Location
- 4700 Overland Drive Lawrence, Kansas 66049 United States 38°58′30″N 95°18′13″W﻿ / ﻿38.975138°N 95.303650°W

Information
- School type: Public, high school
- Established: 1997
- School district: Lawrence USD 497
- CEEB code: 171691
- Principal: Amy McAnarney
- Teaching staff: 82.69 (FTE)
- Grades: 9 to 12
- Gender: coed
- Enrollment: 1,768 (2023–2024)
- Student to teacher ratio: 21.38
- Schedule: 8:00am-3:15pm
- Hours in school day: 7
- Campus type: Urban
- Colors: Hunter green Silver
- Slogan: Respect, Responsibility, and Excellence
- Song: "We Hail Thee Lawrence Free State"
- Fight song: "Fight On, Firebirds!"
- Athletics: KSHSAA Class 6A
- Athletics conference: Sunflower League
- Mascot: Freddy the Firebird
- Team name: Firebirds
- Rival: Lawrence High School
- Newspaper: The Free Press
- Yearbook: The Talon
- Communities served: Lawrence
- Website: Website

= Lawrence Free State High School =

Lawrence Free State High School (FSHS or LFS) is a public secondary school in Lawrence, Kansas, United States. It is operated by Lawrence USD 497 school district, and serves students in grades 9 to 12. It is one of two public high schools within the city limits of Lawrence. The school colors are hunter green, garnet red, and silver. The current principal is Amy McAnarney.

Lawrence Free State is a member of the Kansas State High School Activities Association (KSHSAA) and offers a variety of sports programs.
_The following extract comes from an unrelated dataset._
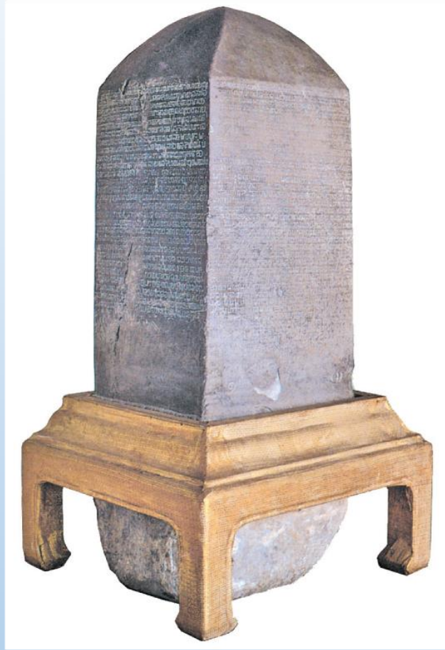
หลักศิลาจารึกพ่อขุนรามคำแหงมหาราช จารึกสุโขทัยหลักที่ ๑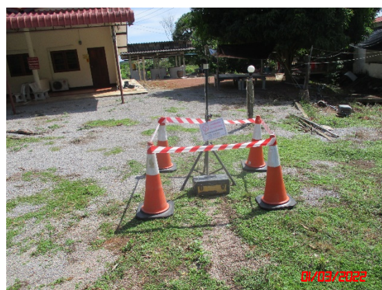
บ้านคลองชุดบน

Athletic teams compete in the 6A division and are known as the "Firebirds". Extracurricular activities are also offered in the form of performing arts, school publications, and clubs. Free State's fine arts department received the 2019-2020 KSHSAA Performing Arts School of Excellence award.

==History==
Lawrence Free State was established in 1997 in response to overcrowding at Lawrence High School, the only public high school in Lawrence at the time. Almost one-third of students at Lawrence High transferred to Free State at the start of the 1997 school year.

==Academics==
The College Board recognized Free State High with the 2007-08 Siemens Award for Advanced Placement Participation and Performance. One high school in each state receives this honor and a $1,000 grant for math and science education.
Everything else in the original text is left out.